Directions for this task:
Starting at the line that contains "设有无机化学、分析化学、物理", transcribe every remaining line of the data below exactly, and omit all pictures.

-- Records to use follows --

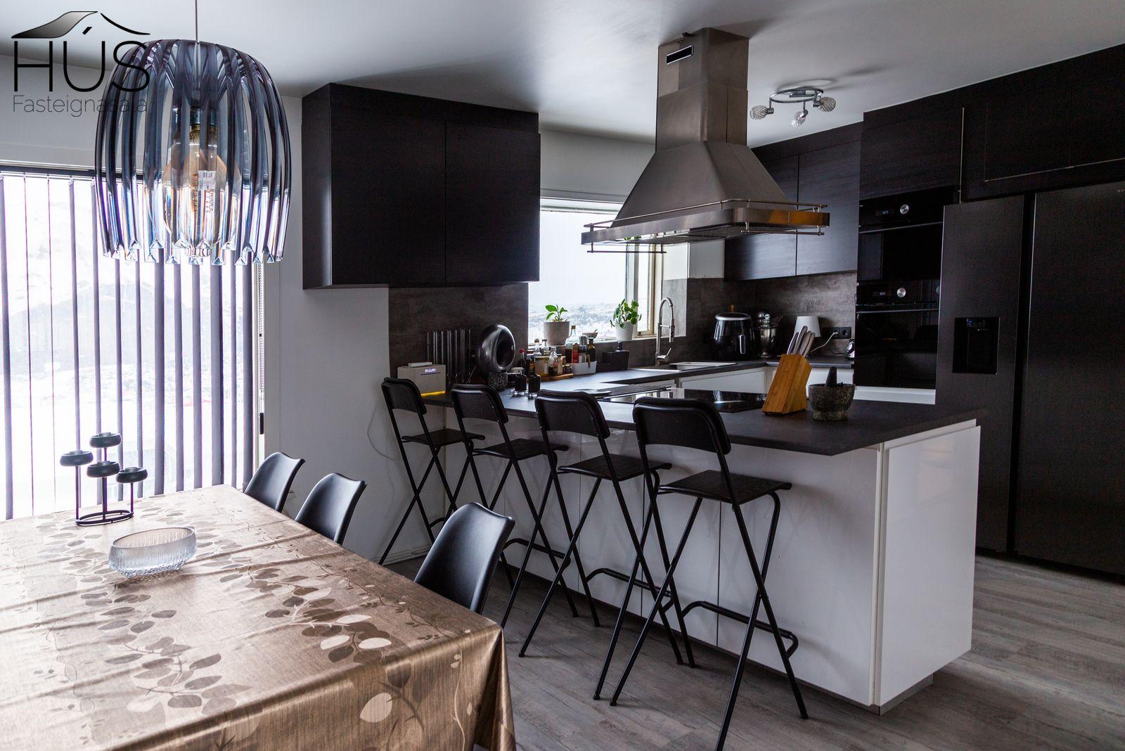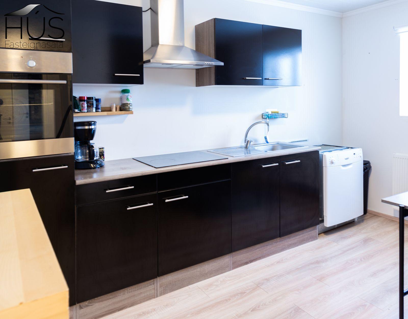 Eldhús: parket á gólfi, nýleg eldhús innrétting
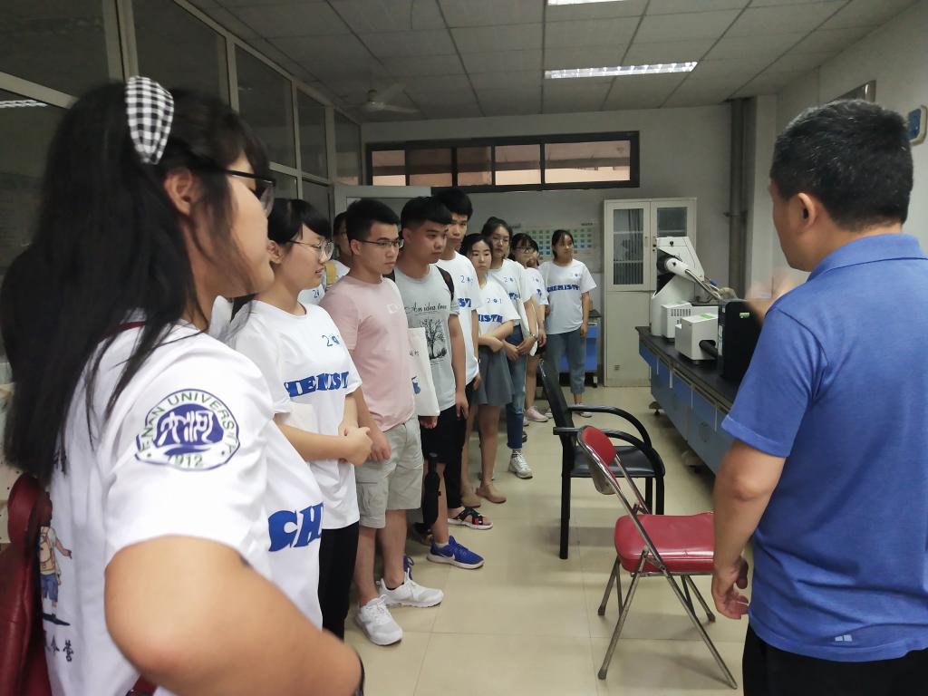 设有无机化学、分析化学、物理化学、有机实验室等不同类型的实验平台。同学们按自己的兴趣分别走进不同的实验室进行参观和交流。实验室老师根据不同的实验类型,分别从仪器构造、实验原理、使用方法、实际用途等诸多方面给同学们热情地进行讲解。同学们对实验室器材、教学设施和先进的仪器设备表现出了浓厚的兴趣,纷纷表示学习到了很多实践知识,见识到了许多先进的仪器,开拓了自己的视野。此次参观实验室,大家对专业特点、科研实验有了更加深入直观的理解,对于培养专业兴趣、激发学习热情、增强实验操作能力起到了良好的推动作用。
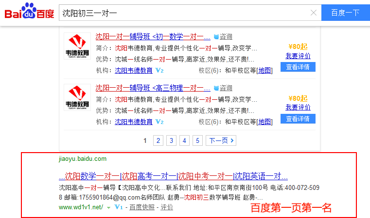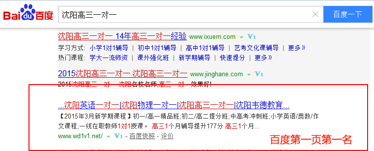 關(guān)鍵詞“沈陽初三一對一”在百度排名:第1頁第1名
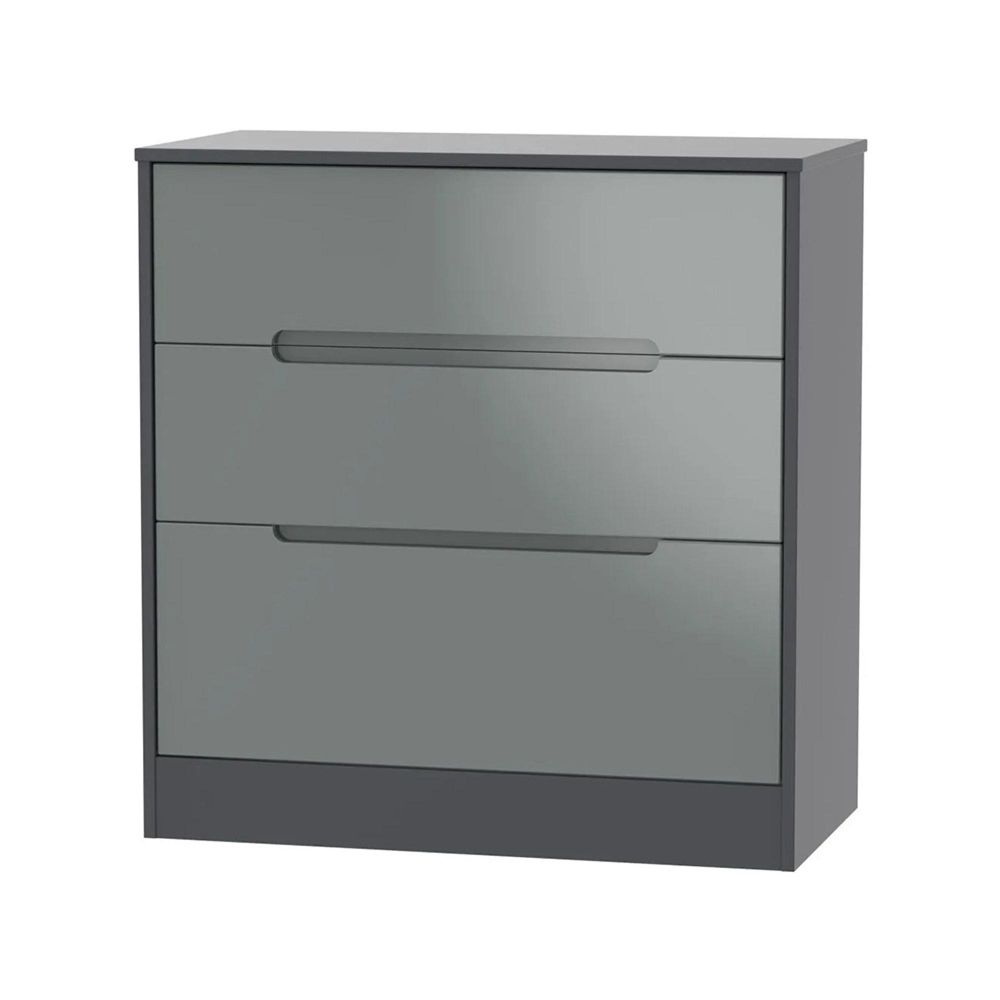Monaco Chest - Deep - 3 Drawer - Grey Gloss and Graphite
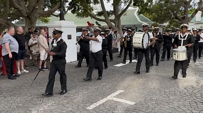 The SA Navy Band arriving at Jubilee Square for the annual Switching on of the Christmas Lights.
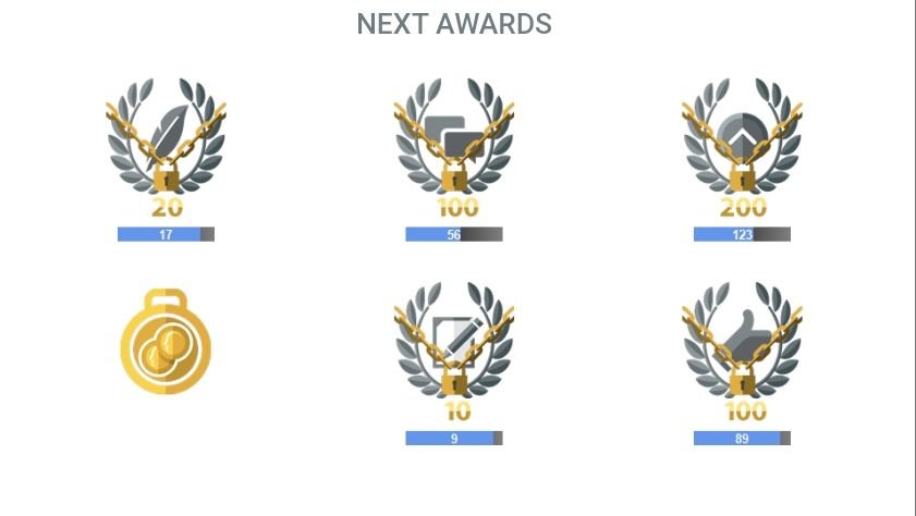 COMMENTS - This award rewards you for the comments you made on others posts or comments. Engage conversations! The more comments you write, the higher your level.

-- Records to use concluded --

Response area:
 设有无机化学、分析化学、物理化学、有机实验室等不同类型的实验平台。同学们按自己的兴趣分别走进不同的实验室进行参观和交流。实验室老师根据不同的实验类型,分别从仪器构造、实验原理、使用方法、实际用途等诸多方面给同学们热情地进行讲解。同学们对实验室器材、教学设施和先进的仪器设备表现出了浓厚的兴趣,纷纷表示学习到了很多实践知识,见识到了许多先进的仪器,开拓了自己的视野。此次参观实验室,大家对专业特点、科研实验有了更加深入直观的理解,对于培养专业兴趣、激发学习热情、增强实验操作能力起到了良好的推动作用。
 關(guān)鍵詞“沈陽初三一對一”在百度排名:第1頁第1名
Monaco Chest - Deep - 3 Drawer - Grey Gloss and Graphite
 The SA Navy Band arriving at Jubilee Square for the annual Switching on of the Christmas Lights.
 COMMENTS - This award rewards you for the comments you made on others posts or comments. Engage conversations! The more comments you write, the higher your level.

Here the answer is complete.